Official neglect has left Nepal’s healthcare workforce unprepared to care for mental illness
DIscussing health: Counsellor Bharat Kadayat (centre) discusses patients with psychiatrist Sikhar B Swar (right) while research manager Pragya Rimal (left) tracks the consultation process.
Shanti arrives at a clinic in rural Nepal complaining of aches and pains. The clinician examines and sends her to the lab for some tests, all of which are normal. In the last few years, she has spent a lot of time and money seeing generalists who tell her there is nothing wrong.
The clinician suggests this could be psychological; she should see a psychiatrist. Shanti is offended that the generalist thinks she is “crazy”. Besides, the nearest psychiatrist is more than a day’s trip away.
In a recently published study, our team at Possible spoke with 29 MBBS physicians, Health Assistants and Certified Medical Assistants from three district hospitals.
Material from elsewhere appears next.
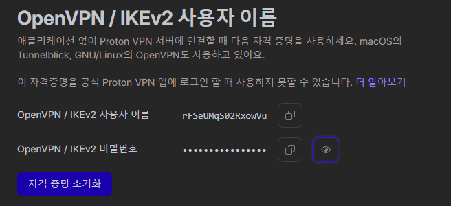 명령어를 정상적으로 실행한 경우, ovpn 파일의 아이디와 비밀번호를 입력해야 합니다.

Generalists described two groups of patients with mental illness.
For the first group, the patients’ sense of reality is altered, resulting in severe behavioural problems in patients like Shanti. Generalists quickly recognised the need for a psychiatrist, and noted that well-resourced families take such patients to the nearest psychiatrist while poorer patients visit traditional healers. Patients who do not improve may be isolated and locked away for the rest of their lives.
Patients in the second group, however, continue to see health workers in private or government hospitals. In primary care clinics, almost 20 per cent of the patients have aches, pains, dizziness, and numerous other problems that have no clear source. Generalists usually suspect an underlying mental illness, but do not know what to do next. In desperation, they prescribe vitamins and painkillers, but the patients do not improve. Aches and pains move to a different part of the body, or the patient seeks services at another facility, spending more money on visits and repeated lab tests.
Often, patients hear stigmatising and dismissive comments about their problems from generalists: women are told their anxious response to domestic violence is a sign of weakness, others are told there is “nothing wrong” with them. These words are meant to normalise the situation and somehow comfort the patient, but have the consequence of patients thinking that they are being blamed or that their suffering is being dismissed as a non-issue.
Even though the generalists know that such patients require more time, they report being too busy to sit down with the patients to learn more about what ails them. With more than 70 patients waiting to be seen, it is easier to say a few words of reassurance and prescribe vitamins.
In Nepal, medical schools and other health professional institutes include minimal to no mental health training. This is incredibly inadequate because mental illnesses are the biggest cause of chronic diseases. Such neglect has left our healthcare workforce woefully unprepared to care for people with depression, anxiety disorders, dementia, psychosis, epilepsy and substance abuse. This ‘educational gap’ among generalists is particularly concerning in the context of humanitarian crises like the earthquakes in 2015.
In response to these findings, our team has implemented a program to provide high-quality mental health care integrated into the primary care clinic at Bayalpata Hospital in Achham district. The strategy prevents patients from the costly and often stigmatising process of visiting a psychiatrist in the city. We have trained all generalists to recognise mental illness and avoid harmful and ineffective medications. We have recruited counsellors trained by Transcultural Psychosocial Organization (TPO-Nepal). When a generalist suspects mental illness, the counsellors conduct a thorough evaluation and make treatment recommendations. Sikhar B Swar, a Kathmandu-based psychiatrist, reviews cases and travels to Achham for training and supervision.
There are many all around Nepal who are receiving inappropriate or no mental healthcare. To address this, medical institutes must train our healthcare workforce in mental health. Generalists should be comfortable recognising and treating mental illness like any other common illness. In addition, psychiatrists must engage in training and supervising generalists and counsellors.
Given the severe shortage of psychiatrists, particularly in rural Nepal, patients cannot all be directly seen by a psychiatrist. The government must include counsellors as part of the workforce around the country. The cost of training and supporting counsellors is a very small price to pay for the benefit of avoiding unnecessary tests and clinic visits, setting aside time for the busy generalists, and providing non-stigmatising mental health services.
The post-earthquake period has increased the nation’s attention to mental health. Now we have a clear choice: do we roll out services that are affordable and effective, or do we keep telling patients suffering from a real illness that there is nothing wrong with them?
Bibhav Acharya, MD is the Co-Founder and Mental Health Adviser for Possible, which operates a healthcare delivery system in Achham and Dolakha in partnership with the Nepal Government. Soniya Hirachan, MD is the Co-Founder of Shared Minds, a non-profit that provides mental health training for generalist clinicians in Nepal.